§ **Given data**:

>>>

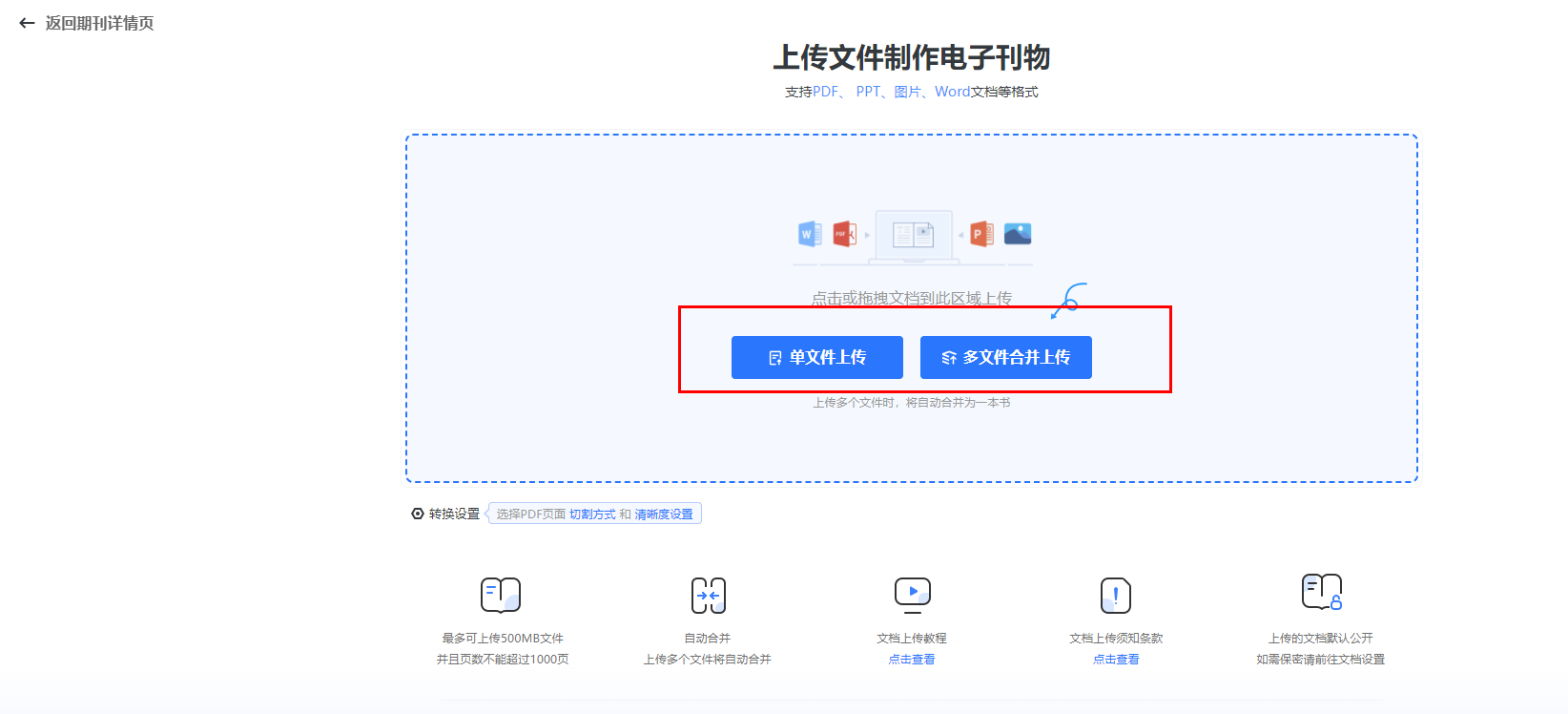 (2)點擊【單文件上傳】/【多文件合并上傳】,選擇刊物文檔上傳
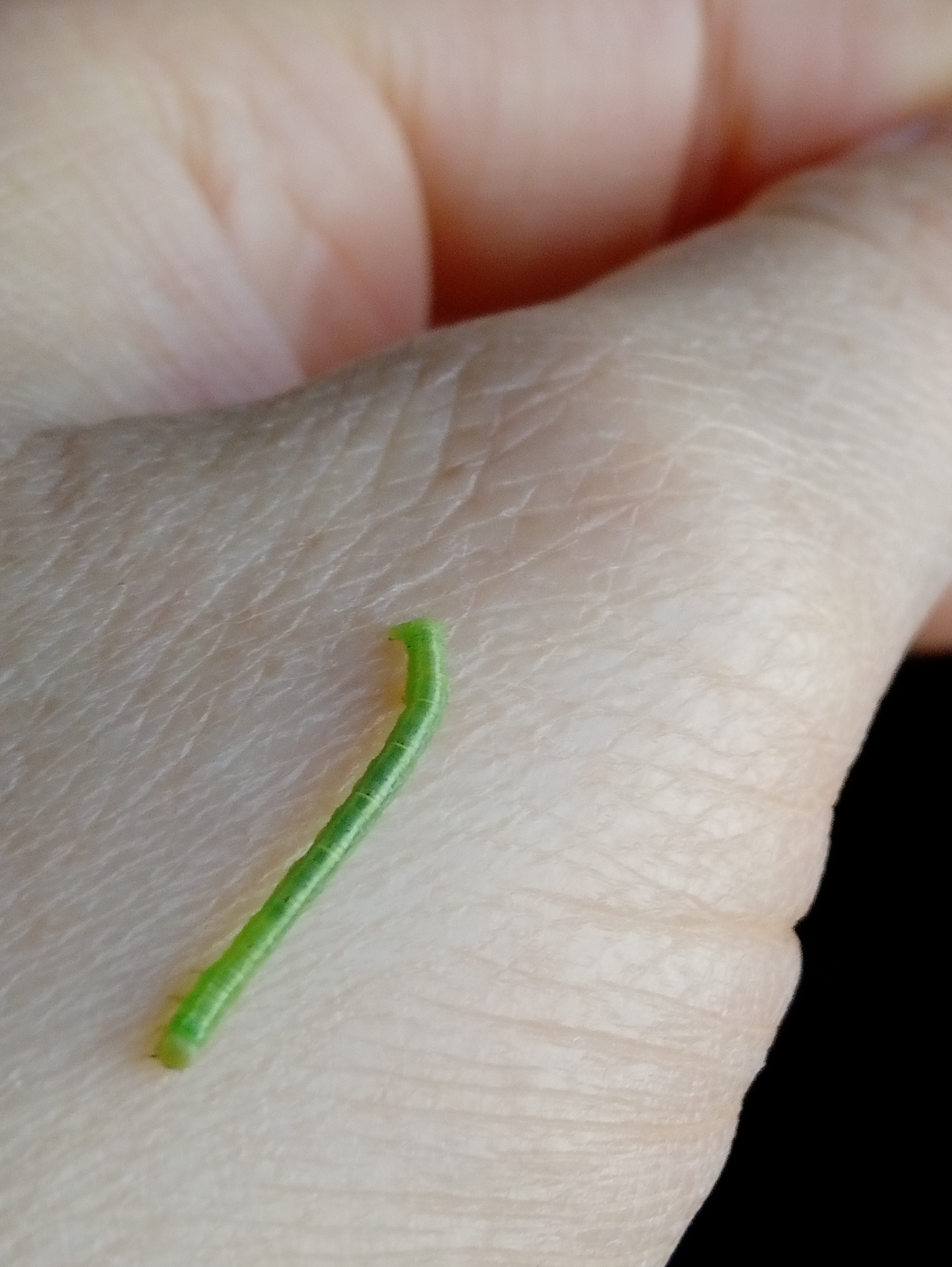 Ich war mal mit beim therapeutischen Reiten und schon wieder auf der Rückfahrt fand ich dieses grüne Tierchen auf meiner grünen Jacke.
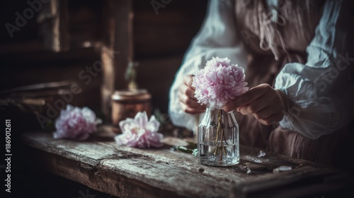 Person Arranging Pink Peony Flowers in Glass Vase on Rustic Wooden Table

<<<

§ **What is needed**: Only the text of the listing above should be copied, exactly and with pictures left out.

§ **Result of this exercise**:
 (2)點擊【單文件上傳】/【多文件合并上傳】,選擇刊物文檔上傳
 Ich war mal mit beim therapeutischen Reiten und schon wieder auf der Rückfahrt fand ich dieses grüne Tierchen auf meiner grünen Jacke.
 Person Arranging Pink Peony Flowers in Glass Vase on Rustic Wooden Table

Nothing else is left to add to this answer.